Читатели этой (со всеми ее недостатками) мощно написанной биографии не могли не быть впечатлены чрезвычайно ярким описанием (Часть I, том II, стр. 184, 185) въезда бедного фанатика Джеймса Нейлера и его несчастных и измученных спутников в Бристоль. Это печально и нелепо; воздействует на нас, как реальное зрелище трагического безумия, разыгрывающего свою невольную комедию, и заставляет нас улыбаться сквозь слезы.

В другой части работы дается краткий отчет о суде и приговоре Нейлеру, также в серио-комическом ключе; и бедный человек отпускается с простым намеком на то, что после своего наказания он «раскаялся и признал себя сумасшедшим». Мы прекрасно понимаем, что в задачу автора не входило тратить время и слова на историю такого человека, как Нейлер; он не имел для него никакого значения, кроме как один из дестабилизирующих факторов в правительстве Лорда-Протектора. Но в нашем сознании история Джеймса Нейлера всегда была интересной; и в убеждении, что она окажется таковой для других, кто, подобно Чарльзу Лэму, может оценить прекрасное смирение прощенной души, мы приложили некоторые усилия, чтобы собрать и воплотить ее факты.

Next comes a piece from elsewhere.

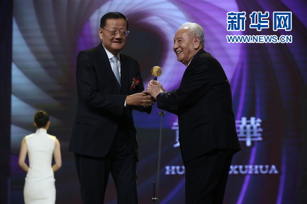 在2018年3月30日晚举行的“世界因你而美丽——2017-2018影响世界华人盛典”上,黄旭华院士(右)荣膺“影响世界华人终身成就奖”。新华网发(凤凰卫视供图)
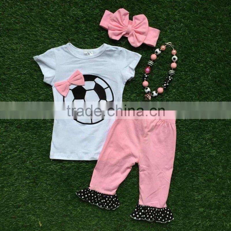 Baby Girls Summer Design Girls Boutique Clothes Girls Football Outfits Short Sleeve Ruffle Capri Sets With Accessories

Джеймс Нейлер родился в приходе Ардсли, в Йоркшире, в 1616 году. Его отец был зажиточным фермером, пользовавшимся доброй репутацией и обладавшим достаточным состоянием, и он, вследствие этого, получил хорошее образование. В возрасте двадцати двух лет он женился и переехал в приход Уэйкфилд, который с тех пор стал классической землей благодаря перу Голдсмита. Здесь, будучи честным, богобоязненным фермером, он возделывал свою землю и чередовал посещение рынков скота и собраний индепендентов. В 1641 году он подчинился призыву «моего лорда Фэрфакса» и Парламента и вступил в кавалерийский отряд, состоявший из стойких индепендентов, совершив такие выдающиеся подвиги против «человека Велиала, Карла Стюарта», что был повышен до звания квартирмейстера, в каковой должности он служил под началом генерала Ламберта в его шотландской кампании. Наконец, став негодным к службе из-за болезни, он был с почетом уволен и вернулся к своей семье в 1649 году.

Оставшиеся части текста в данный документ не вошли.